Encourages Awareness

If you eat Paleo you have to check everything that comes in a packet (if your food comes in a packet).

Cons

What About Calcium?

Check out All About Dairy-Free for non-dairy calcium sources.

Don’t Eat Steak for Breakfast, Lunch and Dinner

The Cancer Society state eating large quantities of red (and processed) meats can increase the risk of some cancers, particularly bowel cancer.  Despite iron being an essential nutrient, when broken down haem iron (animal-based iron) damages nearby cells, enabling cancer to develop more easily.  Additionally, cooking meat at very high temperatures and burning/charring meats creates heterocyclic-amines which can cause stomach cancer.

The Cancer Society recommends a moderate consumption of less than 500g of red meat per week – a 65-100g serving no more than 3-4 times a week.

Liv’s Recommendations

Bear in mind (literally, the thought of bears chasing you would’ve constantly been on your mind!) that there wasn’t one single Paleo diet across the world.

For example, the Paleo diet in the tropics was tropical fruits, roots, grains, coconut water, and seafood.  On-the-other-hand (which the bear has probably eaten by now!), the Paleo diet that Inuit eat was/is seal, fish, birds, eggs, and polar bears.

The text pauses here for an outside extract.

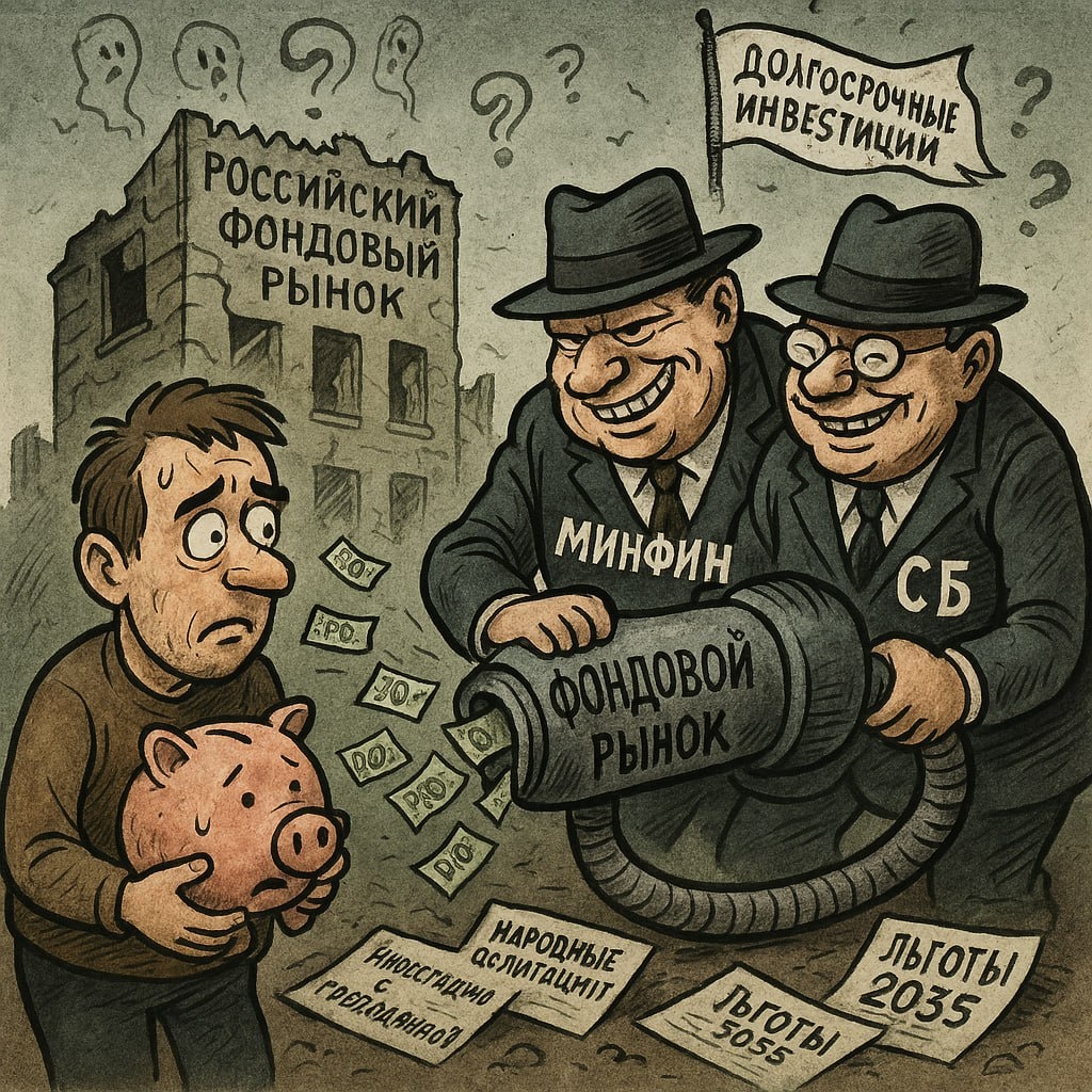 А вы знали, что, оказывается, есть разработанный Минфином и Банком России федеральный проект по развитию финансового рынка, целью которого является увеличение капитализации фондового рынка России и доли в нём долгосрочных сбережений граждан до 40% от общего объема их сбережений? Я вот, например, не знал, а открылась мне сия тайна, когда я, случайно, увидел в СМИ, что так заявил на прошлой неделе замминистра финансов Иван Чебесков, выступая на каком-то форуме. Вроде бы все логично, ведь экономике России для ее развития нужны так называемые длинные деньги, а их у россиян на счетах в банках скопилось на конец 2024 года примерно 53,9 трлн. рублей, при том, что доходы бюджета России на 2025 год – примерно 35,1 трлн. рублей. Вот бы эти деньги, да запустить в рынок, желательно еще и надолго! Вот только стоит ли это делать, или частных инвесторов снова хотят обобрать до нитки? Давайте попробуем разобраться. Новый антирекорд российского фондового рынка Мой многолетний опыт в инвестициях и трей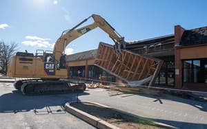 Vacant stores in the Shops at Rockvale in East Lampeter Township are being demolished to make way for a redevelopment project that will eventually add 504 apartments.

One Paleo diet is high carb, low fat.  One Paleo diet is low carb, high fat.  The modern Paleo diet may be a low carb diet, but the original Paleo diet (or the one your ancestors ate) might not have been.  Find out your ancestry and eat their Paleo diet.  Rather than the blanket modern Paleo diet recommended to everyone.

To Wrap It Up

With a keto, Paleo, primal, Mediterranean, vegan, vegetarian, gluten-free, dairy-free wrap of course (or not if you’re intermittent fasting!).

The purpose of this series of blogs isn’t to choose a diet to follow.  It’s to inform you of the pros, cons and my recommendations, if you do choose to (or already) follow one of these diet trends.

I personally pick and choose what I like, and more importantly what suits my body, from each diet to create my own personalised diet.  My motto is “Realigning Nutrition with Intuition”.  Try N=1 Self Experimentation.

Intuition is now totally disassociated from Nutrition.  We don’t eat what or when we feel like eating.  We eat what and when we are told we should be eating.  Realigning Nutrition with Intuition means being in-tune with your body and rediscovering what diet/lifestyle is most suited to you.  As I trained as a Naturopath and Holistic Nutritionist, I am not about strict plans.  That is for you to decide for yourself.

There is no one-size-fits-all baseball cap when it comes to diets.